The low-key intro to A House In Asia puts us in a flight sim hovering over a nondescript urban landscape. It would be quite easy to be underwhelmed in that way.
But then the plane banks, The Statue of Liberty comes into view, and, with a gasp of realisation, we start speeding up, heading directly towards the two tallest buildings on Manhattan Island…
The consequences of the War On Terror continue to play out around the world. It could be decades before politicians and historians, let alone artists, have a full picture of it to work from. Barcelona’s Agrupación Señor Serrano have therefore zoomed in on a particularly pivotal moment in the timeline – the capture of Bin Laden in 2011.
“Zoomed in” is the operative phrase, too. Their storytelling media are toy soldiers and a doll’s house reconstruction of Bin Laden’s Abbottabad compound, filmed in close-up on the stage and projected.
It’s no straight retelling of the mission. The company take their cue from the US’s codename for Bin Laden – Geronimo. It allows them to set up the whole operation as a game of cowboys and indians, with all the power dynamics, mythology and racial attitudes that implies. Thus our all-conquering US toy soldiers are filmed against a backdrop of black and white Western movie footage, in which a sinister looking sheriff is overdubbed with Dubya’s bullish speeches to the nation. And when our little indians are filmed with the decapitated heads of their enemy, it’s an old wanted poster of Geronimo we see, standing in for the bounty on Bin Laden.
The group also interweave the story of the real Pakistani compound with that of two other identical houses – the reconstruction of that compound used as a US Navy SEAL training facility, and the set of Zero Dark Thirty, the film that told the story of the mission. Action skips between the three, and often the projected live footage is overlaid with gun sights and computer readouts, further enhancing the sense of unreality, of war-as-video-game.
There’s a lot of geekery involved, and the trio often send this up for comic effect. The famous “Tears in Rain” speech from Bladerunner gets nerdily paraphrased, presumably as much for the creators’ amusement as the audience’s, and they take a pop at themselves for being 40 somethings playing with toy soldiers, even though you know they’re secretly proud of it. The only time they take this too far is when five cowgirls join them on stage for a Take That line dancing routine. The reason? The SEAL who wrote his memoir about the mission had the pen name Mark Owen. The scene’s OK in itself, but a tenuous and unnecessary disruption to the tone here.

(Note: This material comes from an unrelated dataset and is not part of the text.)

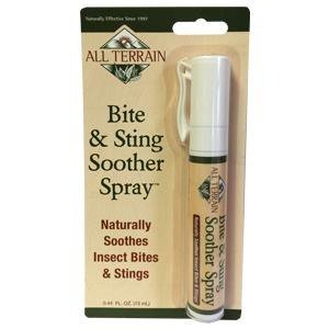 ReleaseDate : 2016-07-30 Studio : Mugs Funny Publisher : Mugs Funny Binding : Health and Beauty Product Description Bite Sting Soother Spray Pen by All Terrain 0. 44 oz. Spray Bite Sting Soother Spray Pen 0. 44 oz. Spray Temporarily protects and helps to relieve minor skin irritations and itching due to insect bites and stings Convenient travel size spray so affected area isn't touched Active Ingredients Allantoin 0. 5 Inactive Ingredients Water Xanthan Gum Vegetable Glycerine Colloidal Oatmeal USP Cetearyl Alcohol Glyceryl Stearate Butyrospermum Parkii (Shea Butter) Capric Caprylic Triglycerides Dow Corning 245 Fluid Zinc Oxide Kaolin Clay Topical Starch (Corn Starch) Optiphen (Phenoxyethanol Caprylyl Glycol) Alpha Bisabolol Barbadensis (Aloe Vera) Leaf Extract Eucalyptus Globulus Leaf Oil Melaleuca Alternifolia (Tea Tree) Leaf Oil Neem Oil Warnings Keep out of reach of children. As with all dietary supplements consult your healthcare professional before use. See product label for more information. 0

That aside, A House in Asia makes for a clever take on an unsavoury chapter of history, and never gets too polemical. Rather than ranting, or worse, glorifying, it eases us into our own thoughts via intricate and visually compelling wee tableaux. The key figure throughout is a white-hatted cowboy who appears several times both in miniature, and in flesh and blood, played by one of the company. He voices his thoughts – weary and conflicted, and certainly not as gung-ho as his brothers-in-arms. By the time we leave, we may well share his ambivalence about where this leaves the world.